[BRIEF] Although the data below contains pictures, output only the lines between those holding "밖에 있는 원을 중앙" and "图为:江岸区鄱阳街小学建立日", inclusive, exactly and without those pictures.

[MATERIAL SUPPLIED — start]

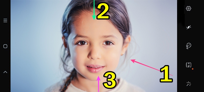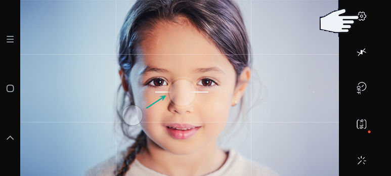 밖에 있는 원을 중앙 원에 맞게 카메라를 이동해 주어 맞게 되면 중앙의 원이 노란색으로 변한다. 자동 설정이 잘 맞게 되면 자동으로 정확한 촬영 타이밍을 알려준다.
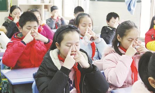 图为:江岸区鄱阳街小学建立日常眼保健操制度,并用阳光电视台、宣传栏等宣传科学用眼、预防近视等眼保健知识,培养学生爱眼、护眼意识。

[MATERIAL SUPPLIED — finish]
[MATERIAL SUPPLIED — start]

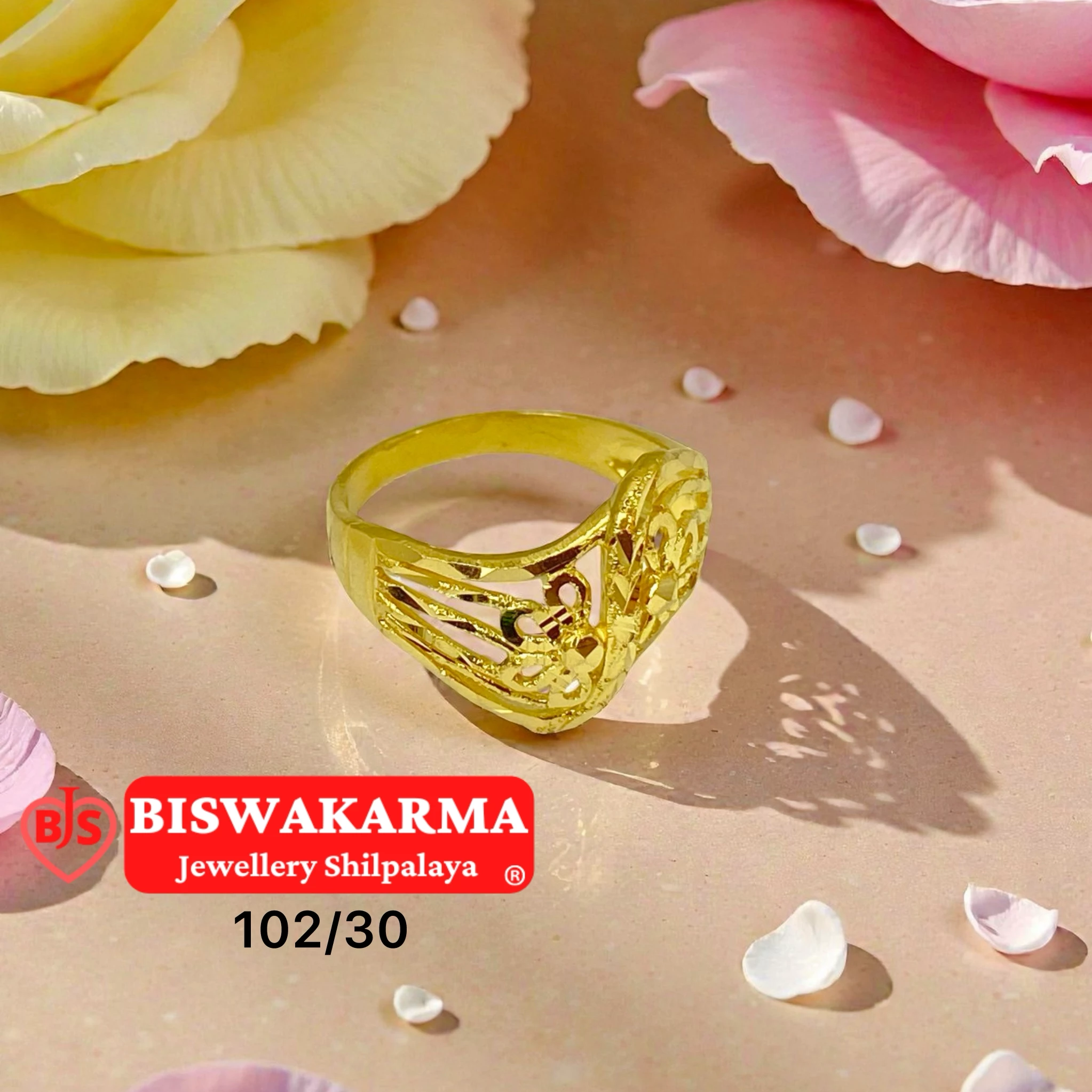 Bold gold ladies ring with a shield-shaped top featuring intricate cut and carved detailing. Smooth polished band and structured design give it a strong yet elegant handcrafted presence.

[MATERIAL SUPPLIED — finish]
[MATERIAL SUPPLIED — start]

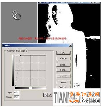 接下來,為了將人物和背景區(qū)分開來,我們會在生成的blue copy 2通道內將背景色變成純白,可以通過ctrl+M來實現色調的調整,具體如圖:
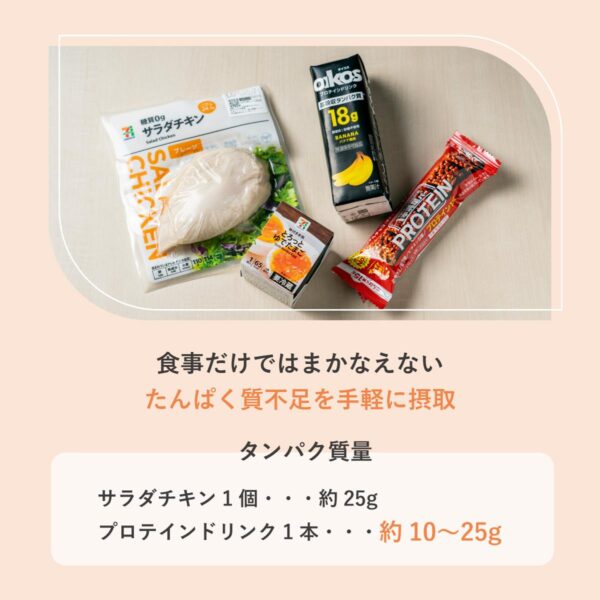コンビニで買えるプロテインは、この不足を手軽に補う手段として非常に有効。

[MATERIAL SUPPLIED — finish]

[REPLY]
 밖에 있는 원을 중앙 원에 맞게 카메라를 이동해 주어 맞게 되면 중앙의 원이 노란색으로 변한다. 자동 설정이 잘 맞게 되면 자동으로 정확한 촬영 타이밍을 알려준다.
 图为:江岸区鄱阳街小学建立日常眼保健操制度,并用阳光电视台、宣传栏等宣传科学用眼、预防近视等眼保健知识,培养学生爱眼、护眼意识。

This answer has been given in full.